§ YOUR GOAL
Keep the pictures out of the copy and print all the entries below exactly.

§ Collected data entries

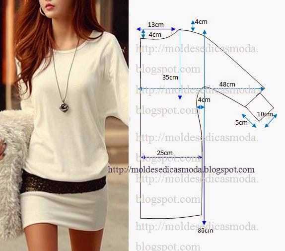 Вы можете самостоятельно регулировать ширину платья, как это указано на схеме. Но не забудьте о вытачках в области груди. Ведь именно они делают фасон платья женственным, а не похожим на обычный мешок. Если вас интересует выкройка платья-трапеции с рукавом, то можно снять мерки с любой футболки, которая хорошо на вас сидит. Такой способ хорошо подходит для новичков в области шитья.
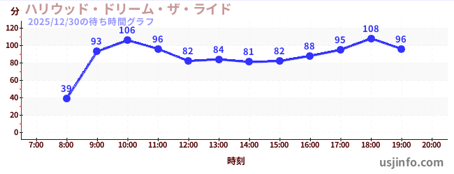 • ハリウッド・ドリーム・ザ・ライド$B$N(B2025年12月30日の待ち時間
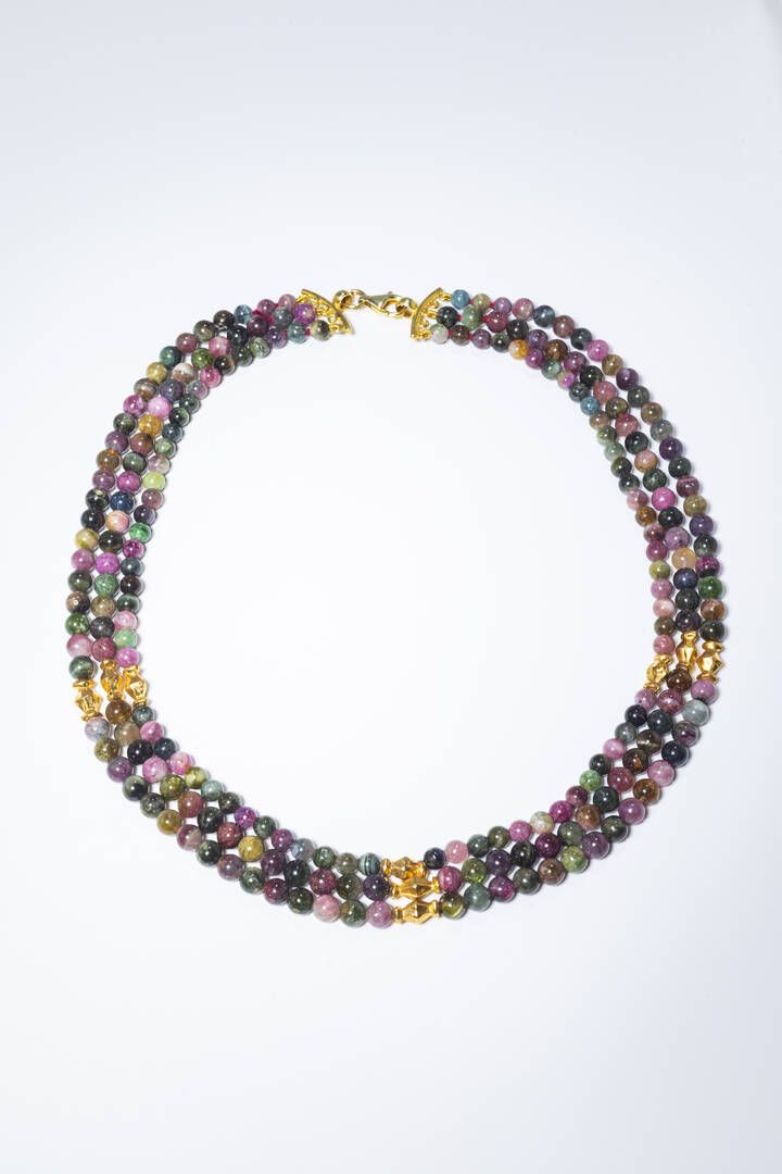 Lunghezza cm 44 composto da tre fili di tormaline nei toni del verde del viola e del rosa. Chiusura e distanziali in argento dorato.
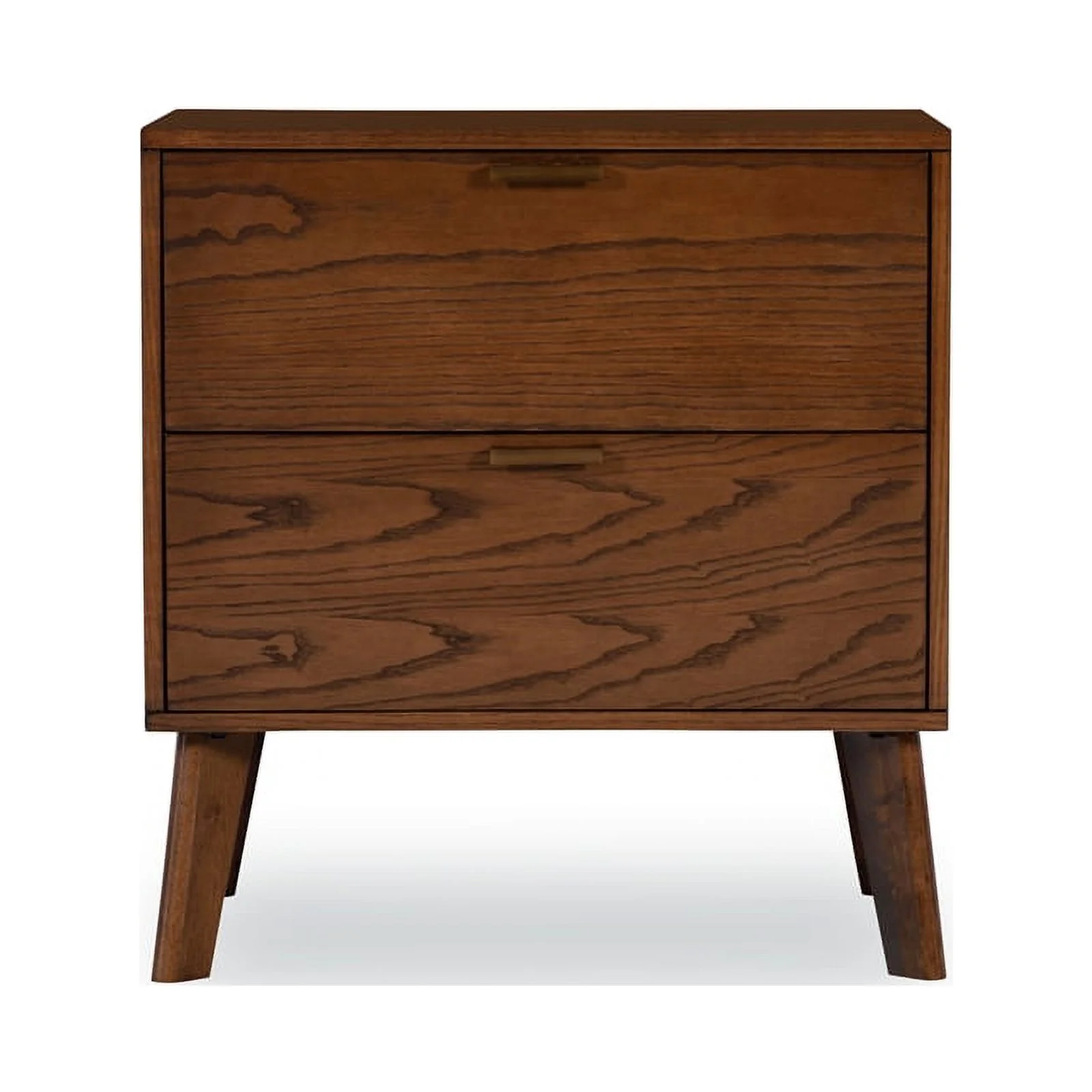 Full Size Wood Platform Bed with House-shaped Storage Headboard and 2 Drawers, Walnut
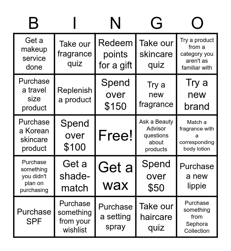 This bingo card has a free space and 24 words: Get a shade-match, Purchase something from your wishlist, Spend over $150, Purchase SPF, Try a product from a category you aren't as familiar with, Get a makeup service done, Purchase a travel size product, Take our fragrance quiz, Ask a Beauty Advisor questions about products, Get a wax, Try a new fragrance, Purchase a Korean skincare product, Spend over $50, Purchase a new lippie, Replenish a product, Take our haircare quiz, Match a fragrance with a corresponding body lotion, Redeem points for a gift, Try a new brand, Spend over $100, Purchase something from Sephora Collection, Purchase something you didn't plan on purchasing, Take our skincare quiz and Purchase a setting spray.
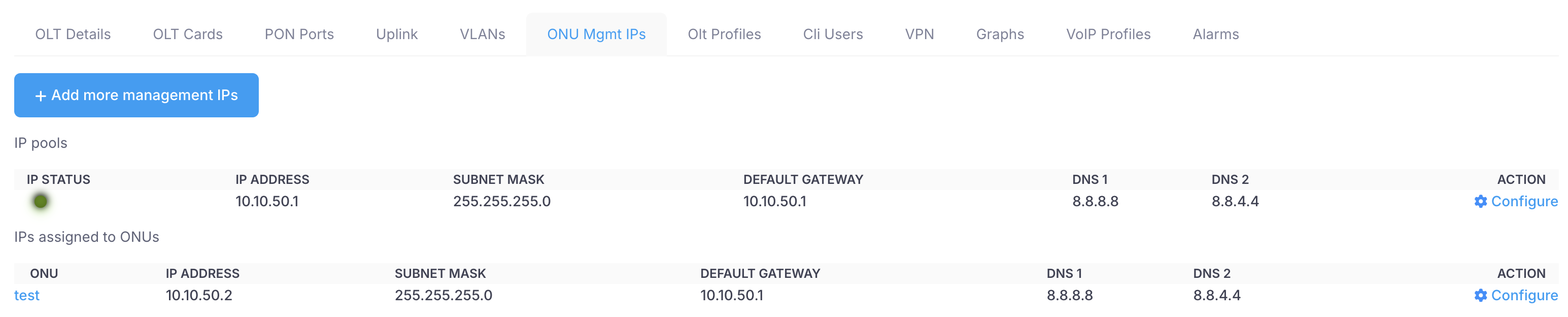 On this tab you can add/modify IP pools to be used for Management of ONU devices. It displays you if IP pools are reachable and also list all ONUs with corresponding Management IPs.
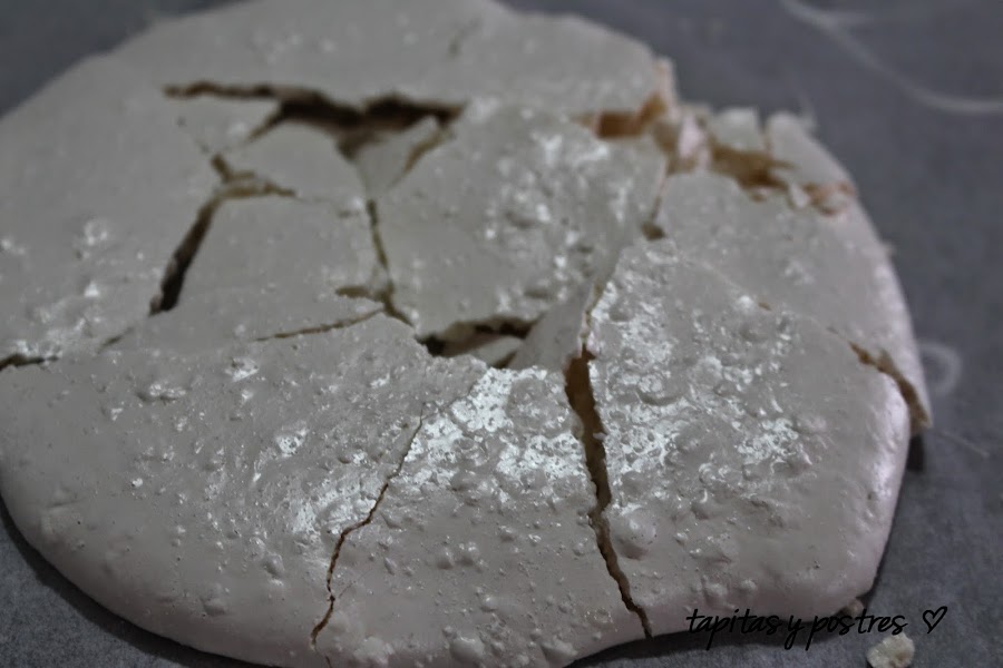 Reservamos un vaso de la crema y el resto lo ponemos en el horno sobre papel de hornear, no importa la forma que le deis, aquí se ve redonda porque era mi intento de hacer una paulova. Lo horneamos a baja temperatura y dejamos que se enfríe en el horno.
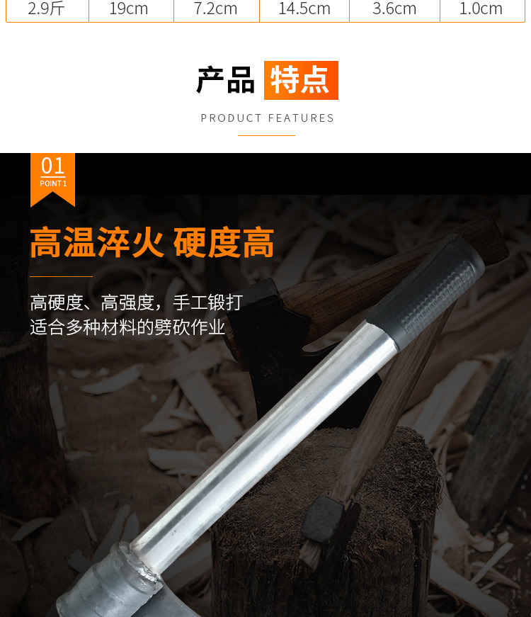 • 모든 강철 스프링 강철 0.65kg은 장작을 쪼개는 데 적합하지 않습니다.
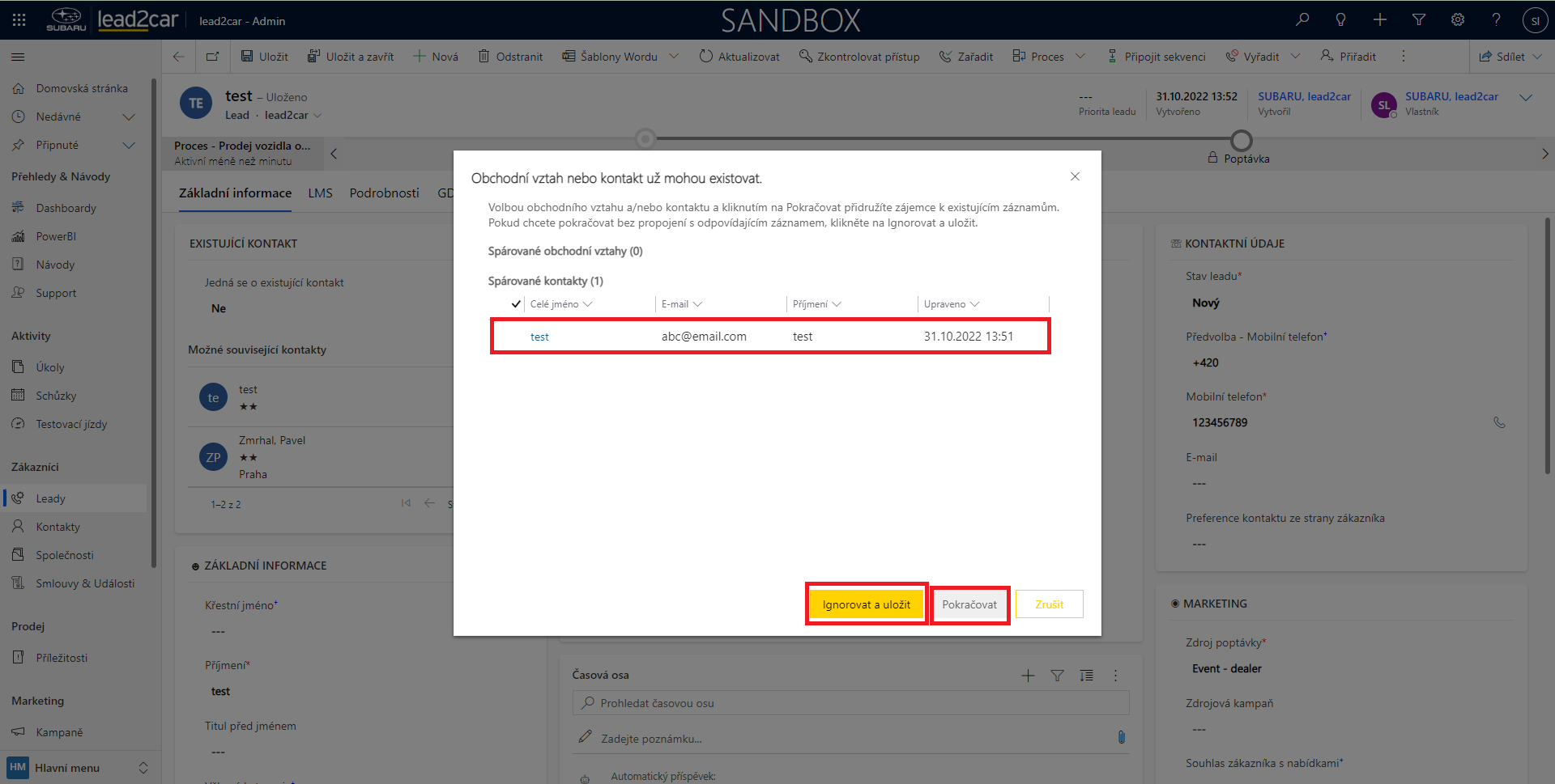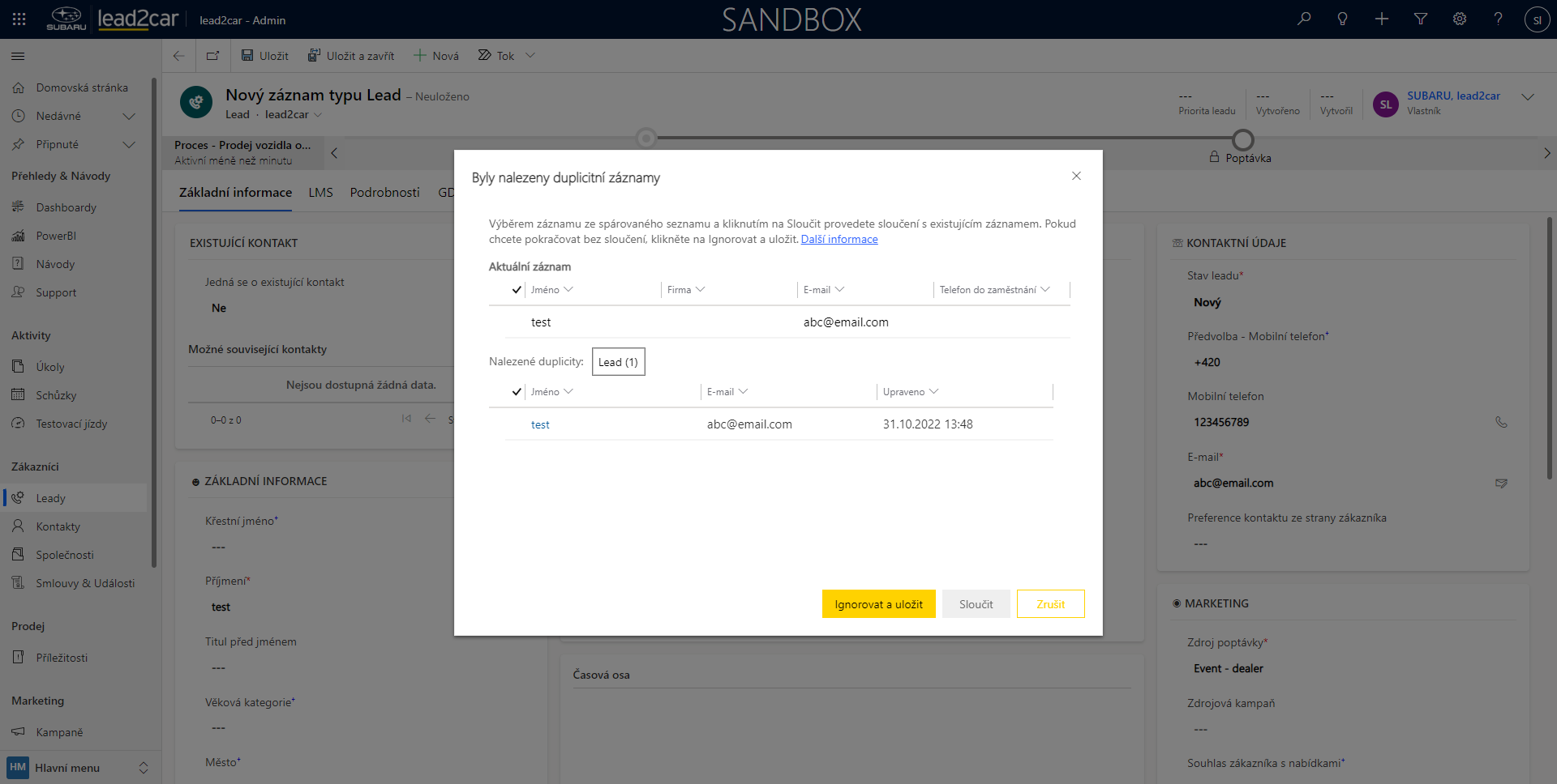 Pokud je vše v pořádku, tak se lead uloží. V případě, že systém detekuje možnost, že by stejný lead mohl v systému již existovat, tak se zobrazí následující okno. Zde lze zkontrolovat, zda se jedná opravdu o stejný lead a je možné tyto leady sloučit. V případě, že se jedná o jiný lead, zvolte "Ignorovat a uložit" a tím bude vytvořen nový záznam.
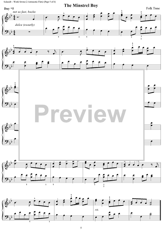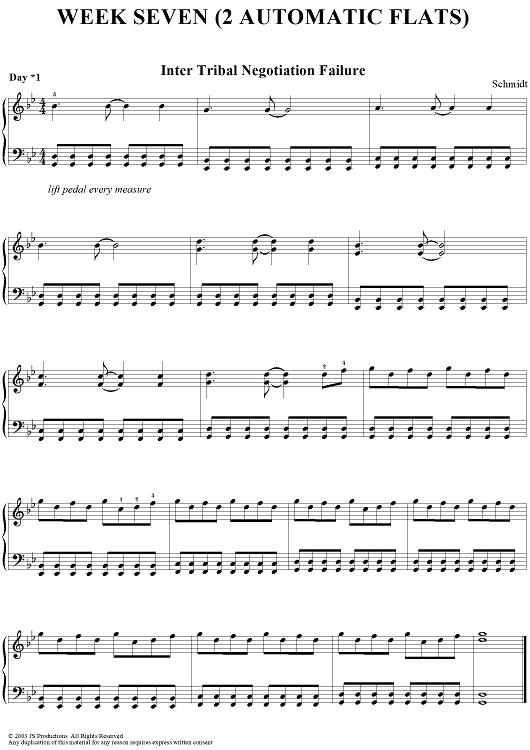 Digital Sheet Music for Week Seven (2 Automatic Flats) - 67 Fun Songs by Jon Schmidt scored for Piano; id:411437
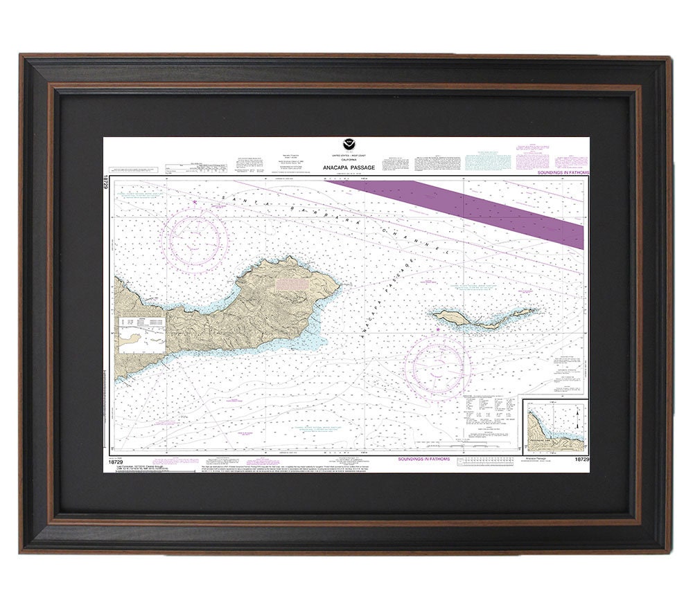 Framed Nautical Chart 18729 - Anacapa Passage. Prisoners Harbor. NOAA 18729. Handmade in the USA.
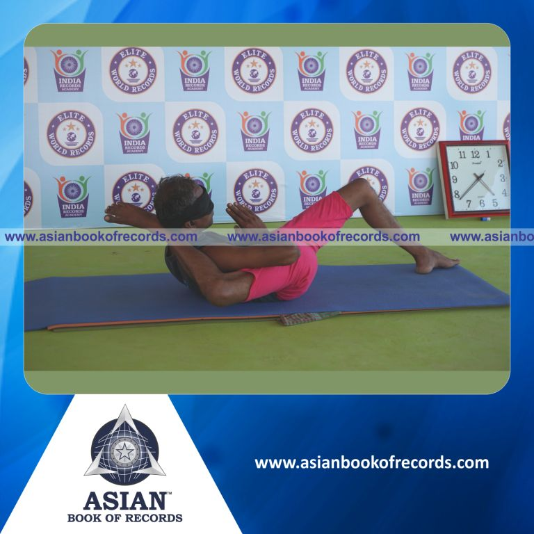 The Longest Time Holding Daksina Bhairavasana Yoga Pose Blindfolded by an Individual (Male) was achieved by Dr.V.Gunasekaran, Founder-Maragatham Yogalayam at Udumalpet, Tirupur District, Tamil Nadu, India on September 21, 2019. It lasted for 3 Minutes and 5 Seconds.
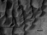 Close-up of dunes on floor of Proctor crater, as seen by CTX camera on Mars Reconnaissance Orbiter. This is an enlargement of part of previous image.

§ WORKED SOLUTION
 Вы можете самостоятельно регулировать ширину платья, как это указано на схеме. Но не забудьте о вытачках в области груди. Ведь именно они делают фасон платья женственным, а не похожим на обычный мешок. Если вас интересует выкройка платья-трапеции с рукавом, то можно снять мерки с любой футболки, которая хорошо на вас сидит. Такой способ хорошо подходит для новичков в области шитья.
 • ハリウッド・ドリーム・ザ・ライド$B$N(B2025年12月30日の待ち時間
 Lunghezza cm 44 composto da tre fili di tormaline nei toni del verde del viola e del rosa. Chiusura e distanziali in argento dorato.
 Full Size Wood Platform Bed with House-shaped Storage Headboard and 2 Drawers, Walnut
 This bingo card has a free space and 24 words: Get a shade-match, Purchase something from your wishlist, Spend over $150, Purchase SPF, Try a product from a category you aren't as familiar with, Get a makeup service done, Purchase a travel size product, Take our fragrance quiz, Ask a Beauty Advisor questions about products, Get a wax, Try a new fragrance, Purchase a Korean skincare product, Spend over $50, Purchase a new lippie, Replenish a product, Take our haircare quiz, Match a fragrance with a corresponding body lotion, Redeem points for a gift, Try a new brand, Spend over $100, Purchase something from Sephora Collection, Purchase something you didn't plan on purchasing, Take our skincare quiz and Purchase a setting spray.
 On this tab you can add/modify IP pools to be used for Management of ONU devices. It displays you if IP pools are reachable and also list all ONUs with corresponding Management IPs.
 Reservamos un vaso de la crema y el resto lo ponemos en el horno sobre papel de hornear, no importa la forma que le deis, aquí se ve redonda porque era mi intento de hacer una paulova. Lo horneamos a baja temperatura y dejamos que se enfríe en el horno.
 • 모든 강철 스프링 강철 0.65kg은 장작을 쪼개는 데 적합하지 않습니다.
 Pokud je vše v pořádku, tak se lead uloží. V případě, že systém detekuje možnost, že by stejný lead mohl v systému již existovat, tak se zobrazí následující okno. Zde lze zkontrolovat, zda se jedná opravdu o stejný lead a je možné tyto leady sloučit. V případě, že se jedná o jiný lead, zvolte "Ignorovat a uložit" a tím bude vytvořen nový záznam.
 Digital Sheet Music for Week Seven (2 Automatic Flats) - 67 Fun Songs by Jon Schmidt scored for Piano; id:411437
 Framed Nautical Chart 18729 - Anacapa Passage. Prisoners Harbor. NOAA 18729. Handmade in the USA.
 The Longest Time Holding Daksina Bhairavasana Yoga Pose Blindfolded by an Individual (Male) was achieved by Dr.V.Gunasekaran, Founder-Maragatham Yogalayam at Udumalpet, Tirupur District, Tamil Nadu, India on September 21, 2019. It lasted for 3 Minutes and 5 Seconds.
 Close-up of dunes on floor of Proctor crater, as seen by CTX camera on Mars Reconnaissance Orbiter. This is an enlargement of part of previous image.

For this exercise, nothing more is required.